INFORMATION GIVEN »
++++++++
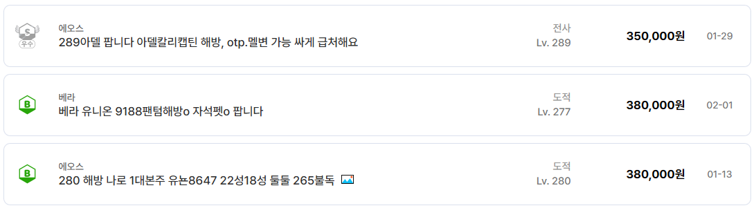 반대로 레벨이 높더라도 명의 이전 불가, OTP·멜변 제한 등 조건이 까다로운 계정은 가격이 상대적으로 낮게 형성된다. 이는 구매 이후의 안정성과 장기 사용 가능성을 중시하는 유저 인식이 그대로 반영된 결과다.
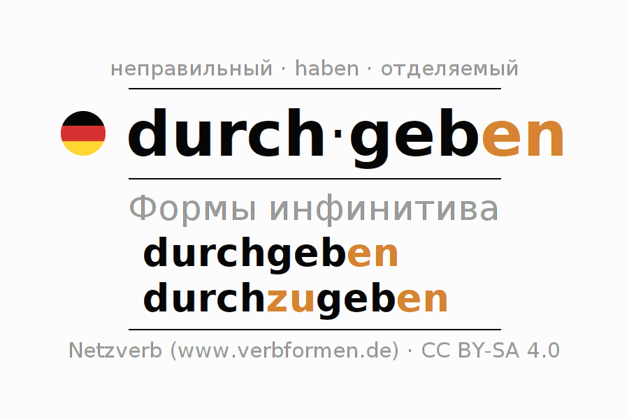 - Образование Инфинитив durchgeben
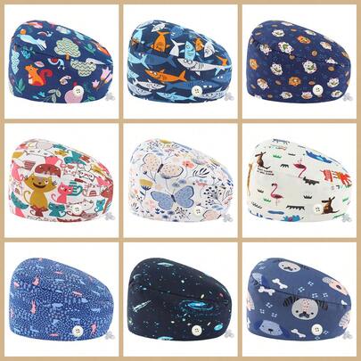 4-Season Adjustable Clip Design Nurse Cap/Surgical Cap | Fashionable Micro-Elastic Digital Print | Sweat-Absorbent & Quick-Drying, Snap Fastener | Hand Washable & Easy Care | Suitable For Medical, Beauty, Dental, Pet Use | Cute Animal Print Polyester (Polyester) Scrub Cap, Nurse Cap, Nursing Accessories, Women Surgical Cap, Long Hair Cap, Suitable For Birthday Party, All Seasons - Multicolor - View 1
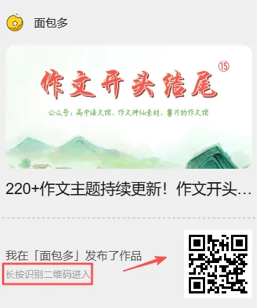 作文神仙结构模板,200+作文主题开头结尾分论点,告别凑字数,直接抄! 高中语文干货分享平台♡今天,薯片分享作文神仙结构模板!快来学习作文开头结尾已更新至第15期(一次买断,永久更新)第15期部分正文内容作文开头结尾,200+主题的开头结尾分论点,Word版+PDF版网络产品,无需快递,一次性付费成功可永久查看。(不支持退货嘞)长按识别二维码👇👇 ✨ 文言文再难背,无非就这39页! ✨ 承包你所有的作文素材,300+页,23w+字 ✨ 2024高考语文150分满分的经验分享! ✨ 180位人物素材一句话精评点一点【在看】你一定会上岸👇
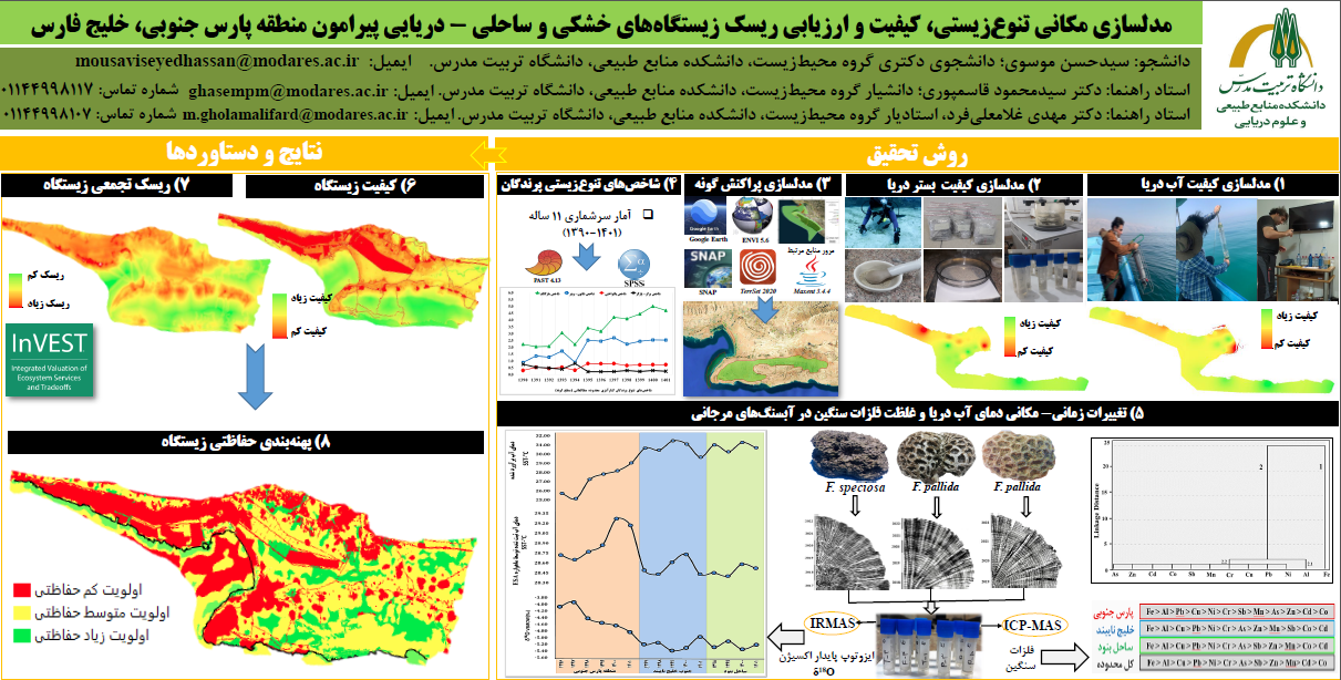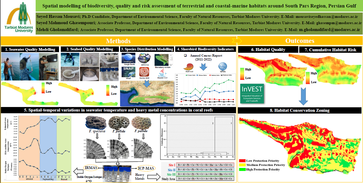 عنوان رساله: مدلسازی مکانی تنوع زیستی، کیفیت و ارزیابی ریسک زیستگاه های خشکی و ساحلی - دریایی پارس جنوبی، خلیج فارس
++++++++
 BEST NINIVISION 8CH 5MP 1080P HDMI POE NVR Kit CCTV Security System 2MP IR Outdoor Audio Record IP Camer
++++++++
TASK » Although the records above contain pictures, the copy should not; retype exactly the lines from the one containing "4-Season Adjustable Clip" through the one containing "عنوان رساله: مدلسازی".

TASK RESULT »
 4-Season Adjustable Clip Design Nurse Cap/Surgical Cap | Fashionable Micro-Elastic Digital Print | Sweat-Absorbent & Quick-Drying, Snap Fastener | Hand Washable & Easy Care | Suitable For Medical, Beauty, Dental, Pet Use | Cute Animal Print Polyester (Polyester) Scrub Cap, Nurse Cap, Nursing Accessories, Women Surgical Cap, Long Hair Cap, Suitable For Birthday Party, All Seasons - Multicolor - View 1
 作文神仙结构模板,200+作文主题开头结尾分论点,告别凑字数,直接抄! 高中语文干货分享平台♡今天,薯片分享作文神仙结构模板!快来学习作文开头结尾已更新至第15期(一次买断,永久更新)第15期部分正文内容作文开头结尾,200+主题的开头结尾分论点,Word版+PDF版网络产品,无需快递,一次性付费成功可永久查看。(不支持退货嘞)长按识别二维码👇👇 ✨ 文言文再难背,无非就这39页! ✨ 承包你所有的作文素材,300+页,23w+字 ✨ 2024高考语文150分满分的经验分享! ✨ 180位人物素材一句话精评点一点【在看】你一定会上岸👇
 عنوان رساله: مدلسازی مکانی تنوع زیستی، کیفیت و ارزیابی ریسک زیستگاه های خشکی و ساحلی - دریایی پارس جنوبی، خلیج فارس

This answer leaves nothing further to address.